The bond calls for a 3.14-mill increase. But for homeowners inside Dearborn, the district projects no net increase—$0 more a year for every $100,000 in taxable value—because other city and school taxes are set to expire. Those offsets include the district's 2.18-mill operating levy, approved in February 2024, and the City of Dearborn's 0.96-mill combined sewer overflow debt millage.

For residents of Dearborn Heights who live within the school district, the math is different. They do not pay the city sewer millage, so the bond would mean a net increase of 0.96 mills, or exactly $96 a year for every $100,000 of taxable value. The building program would serve the full district, but its tax effect would not land evenly on every household.

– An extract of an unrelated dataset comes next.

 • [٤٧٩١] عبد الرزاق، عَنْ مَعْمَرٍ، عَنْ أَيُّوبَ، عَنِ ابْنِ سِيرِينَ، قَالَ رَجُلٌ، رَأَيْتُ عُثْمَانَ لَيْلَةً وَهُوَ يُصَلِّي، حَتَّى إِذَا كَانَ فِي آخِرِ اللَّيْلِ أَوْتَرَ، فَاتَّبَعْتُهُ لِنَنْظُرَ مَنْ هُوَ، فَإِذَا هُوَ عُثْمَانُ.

The first five years carry some of the most immediate, visible changes: two new PreK-8 schools, a middle school addition, a new special education facility, secure vestibules at 24 schools, plus restroom, roof, and technology work.

One new Lowrey K-8 school would replace Becker Elementary in Phase 1. Another K-8 campus would combine O.L. Smith and Nowlin elementary schools at the existing O.L. Smith and Nowlin campus.

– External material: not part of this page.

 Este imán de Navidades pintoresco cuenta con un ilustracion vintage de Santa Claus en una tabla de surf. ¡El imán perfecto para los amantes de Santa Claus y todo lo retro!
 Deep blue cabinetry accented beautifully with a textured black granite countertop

Phase 1 also includes a multistory middle school addition at Salina Elementary School, which serves the Southend neighborhood's highest concentration of Arab American—specifically Yemeni American—residents, with more than 95 percent of students being English Language Learners from Yemen. For those families, the proposal offers a near-term expansion rather than a project left for a later generation of students.

District officials say every building will receive improvements within the first three years.

Years six through 10 would add two more PreK-8 schools and renovate four elementary schools. Years 11 through 15 would bring major renovations to all three high schools—Fordson, Dearborn High, and Edsel Ford—plus two elementary schools and one new PreK-8 building. All three high schools would keep their current buildings with extensive renovations, not close. The final five years would cover renovations at five elementary schools, one middle school, one PreK-8 building, and other district facilities, including the administration building.

That is the tradeoff built into consolidation. A neighborhood may gain a newer, larger school while losing a familiar standalone building. For neighborhoods waiting on later projects, the timing matters: Many students now in school will graduate before those renovations arrive. But the construction calendar runs two decades, and the full plan touches every corner of Dearborn. Residents have a clear job before and after the vote: Ask whether consolidation decisions, construction schedules, and building upgrades are being spread equitably—not merely described as districtwide.

Voters are also being asked to trust a cost estimate meant to hold through 20 years of construction.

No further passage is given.